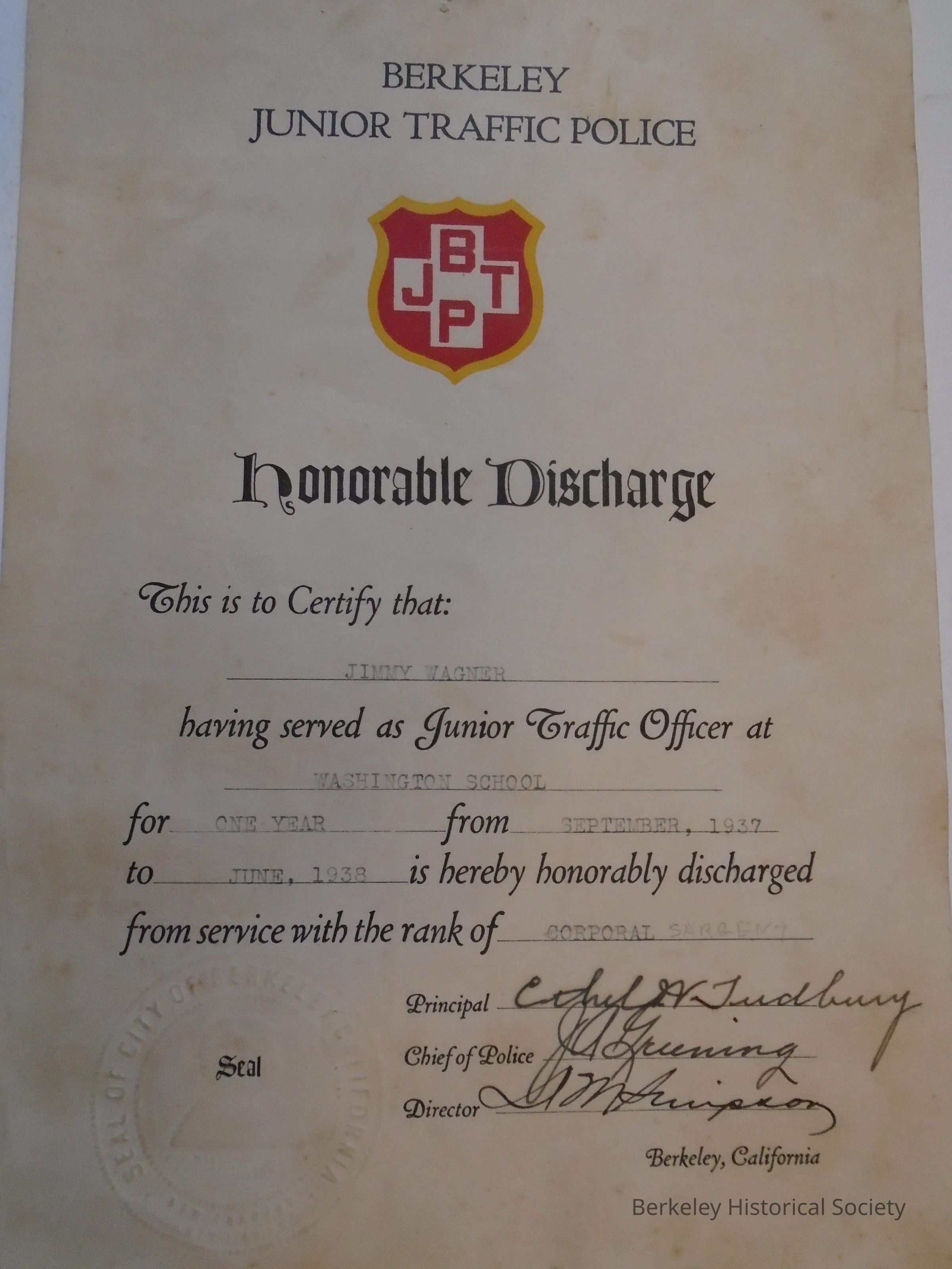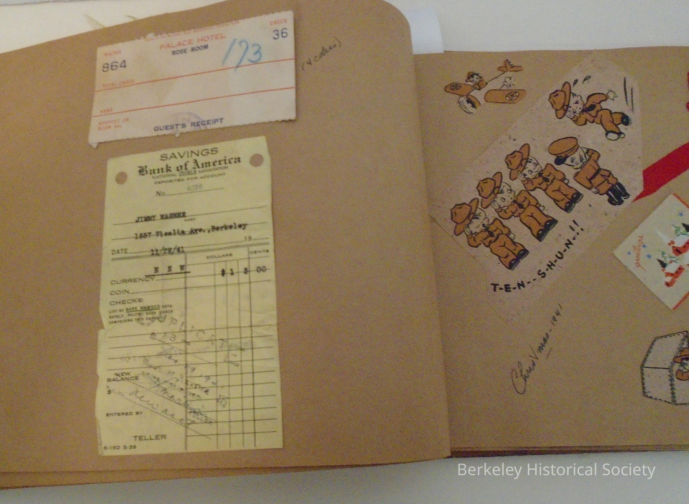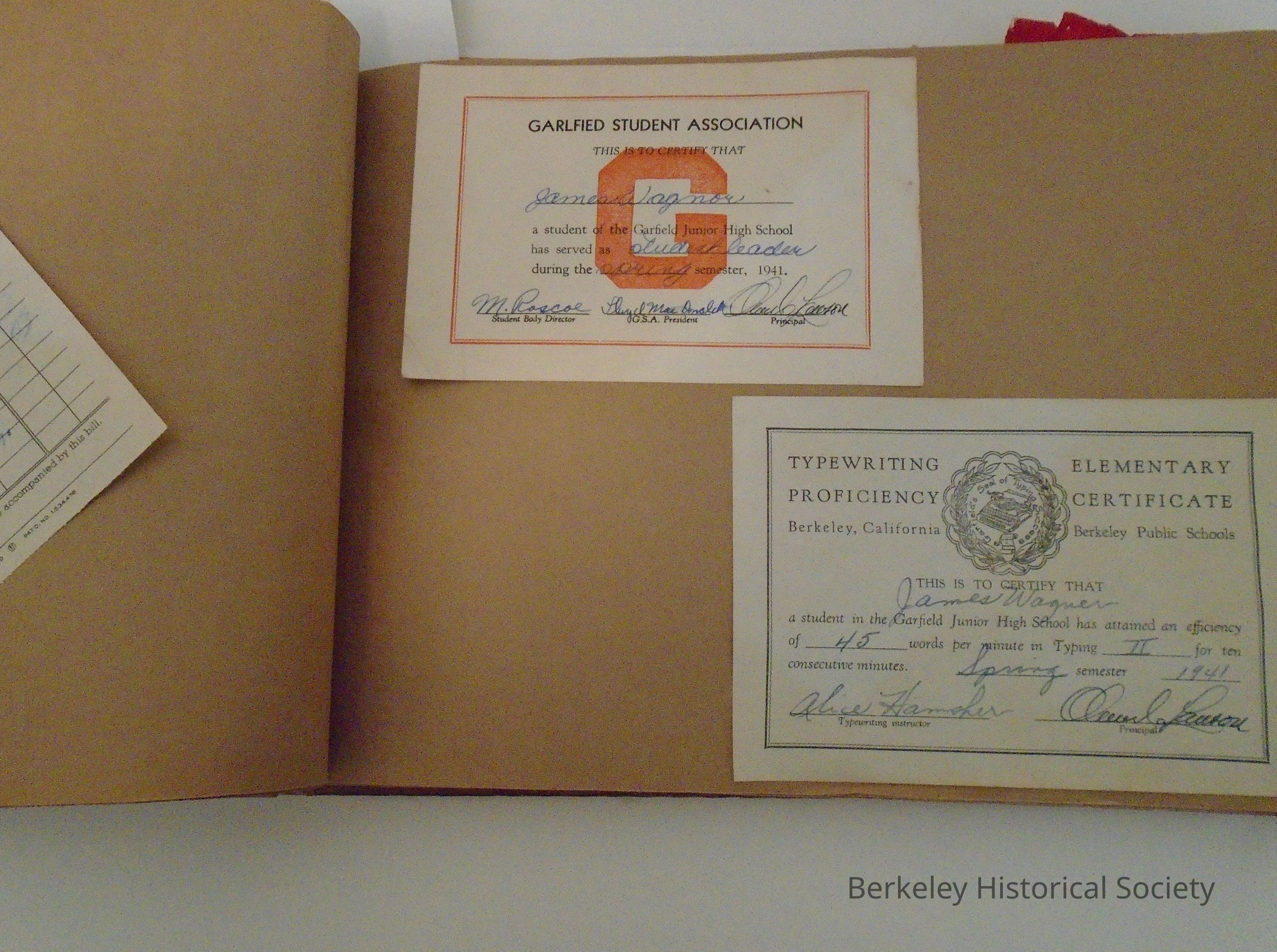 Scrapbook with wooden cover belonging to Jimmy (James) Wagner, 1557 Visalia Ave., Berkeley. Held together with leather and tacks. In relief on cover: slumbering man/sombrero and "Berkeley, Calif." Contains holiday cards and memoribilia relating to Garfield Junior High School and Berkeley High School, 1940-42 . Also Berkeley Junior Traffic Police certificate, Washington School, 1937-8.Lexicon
:::::
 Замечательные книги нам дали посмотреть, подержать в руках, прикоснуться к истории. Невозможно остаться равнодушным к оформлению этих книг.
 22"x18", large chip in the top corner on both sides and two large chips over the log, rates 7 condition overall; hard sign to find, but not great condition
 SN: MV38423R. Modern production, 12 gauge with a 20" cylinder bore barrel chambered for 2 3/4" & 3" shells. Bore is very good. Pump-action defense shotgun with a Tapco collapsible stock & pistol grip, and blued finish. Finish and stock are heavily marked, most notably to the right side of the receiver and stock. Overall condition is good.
:::::
▶ [Goal of the exercise]
With the line holding "Замечательные книги нам" as the first and the line holding "SN: MV38423R. Modern" as the last, set down that range of the entries above exactly, and nothing else.

▶ [Your response]
 Замечательные книги нам дали посмотреть, подержать в руках, прикоснуться к истории. Невозможно остаться равнодушным к оформлению этих книг.
 22"x18", large chip in the top corner on both sides and two large chips over the log, rates 7 condition overall; hard sign to find, but not great condition
 SN: MV38423R. Modern production, 12 gauge with a 20" cylinder bore barrel chambered for 2 3/4" & 3" shells. Bore is very good. Pump-action defense shotgun with a Tapco collapsible stock & pistol grip, and blued finish. Finish and stock are heavily marked, most notably to the right side of the receiver and stock. Overall condition is good.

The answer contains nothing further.